Monday, March 22, 2010

PDF vs. DOC vs. DOCX vs. ODF vs. RTF

The following are a series of charts comparing different document formats:

General information

 
Native program1 Language2
PDF Adobe Acrobat PDF (a subset of PostScript)3
DOCX MS Word 2007– XML4
DOC MS Word 97–2003 Binary (0s and 1s)
ODT OpenOffice.org Writer XML
RTF MS WordPad RTF (similar to TeX)

  1. Native program. The program most-commonly used to edit the file type.
  2. Language. The computer language used to create the document. In other words, if you decompressed the file and then opened it inside Notepad, it is the language you would see.
  3. PDF stands for Portable Document Format.
  4. XML (Extensible Markup Language) is a tag-based language that is similar to HTML.


Size of a hello-world document

Fonts not embedded Fonts embedded
PDF 6.0 KB 23.9 KB
DOCX 9.7 KB 940.0 KB
DOC 19.5 KB 192.0 KB
ODT 7.8 KB Not applicable.
RTF 3.8 KB (1.5 KB when zipped) Not applicable.


Features

Macros Font embedding Digital signatures
PDF Yes Yes Yes
DOCX Yes Yes Yes
DOC Yes Yes Yes
ODT Yes No Yes
RTF No No No

Features (continued)

Font sub-setting1 Embedded video Bookmarks
PDF Yes Yes Yes
DOCX No No Yes
DOC No Yes Yes
ODT No Yes Yes
RTF No Yes Yes

  1. Font sub-setting. Unlike font embedding, where all the characters belonging to a font family are inserted into the document, font subsetting only embeds the characters used in the document in question (e.g., A, E, and F instead of A through Z). This reduces the file's size.


Conclusions

File size

So, which format is best? It depends on your needs. If file-size is the most important issue, choose RTF.  DOCX, ODF, and PDF files are larger, even though they are compressed by default, and RTF is not. RTF is plain text. You can open it in Notepad and see all the statements. For example, here's what I see when I open my RTF hello-world document with Notepad (not WordPad):

and here is what I see when I open up my DOCX hello-world document:

Is the second document XML? No. It's XML compressed into zeroes and ones. If you want to see the real XML, change the extension of the file from .docx to .zip and uncompress it.
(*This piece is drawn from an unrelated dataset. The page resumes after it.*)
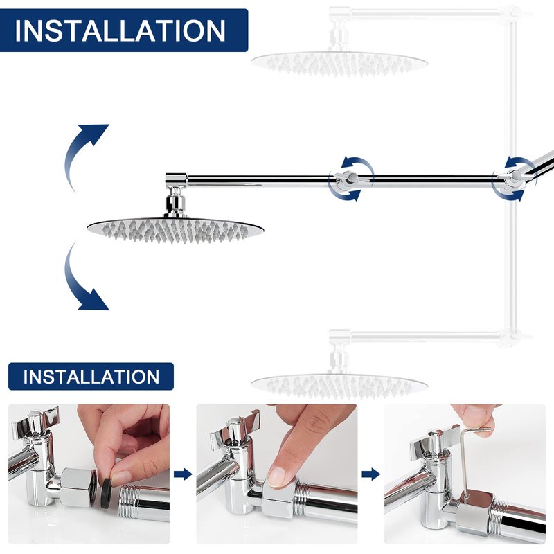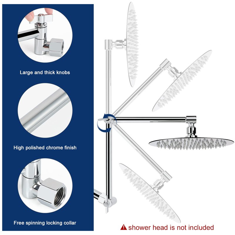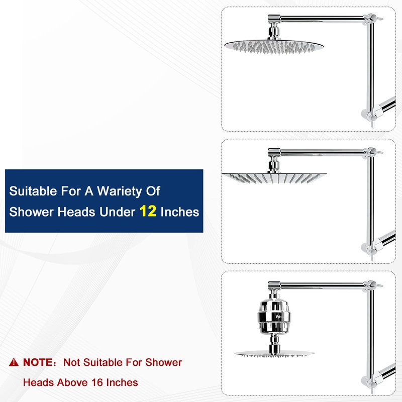 - ๐ UPGRADE SHOWER EXPERIENCE - Adjustable shower arm fits any shower head or hand shower. There are three different adjustment methods, allows you to adjust the showerhead for best angle and height. Fixed shower head overhead, you can enjoy a wonderful downpour that is flowing down over your full body. NOTE: This adjustable shower arm is not available for 16'' shower head ! ! !

Then, you will see the XML file. Open that in Notepad.

So, to repeat, RTF is smaller than the other formats, even though they are compressed and RTF is not. When I zip up my RTF file, it shrinks to 1.54 KB. Not bad!

Features

When it comes to features, there's no comparison. PDF wins hands down. It's not just font-subsetting. PDF also gives you explicit control over the layers, view, and color of a document.

Layers.  Other formats like DOC and ODT also have layers, but they're hidden. The only time you deal with them is when you send an object behind another object. Adobe Acrobat has a panel devoted just to layers and when you open a PDF in Adobe Illustrator, you can edit them individually.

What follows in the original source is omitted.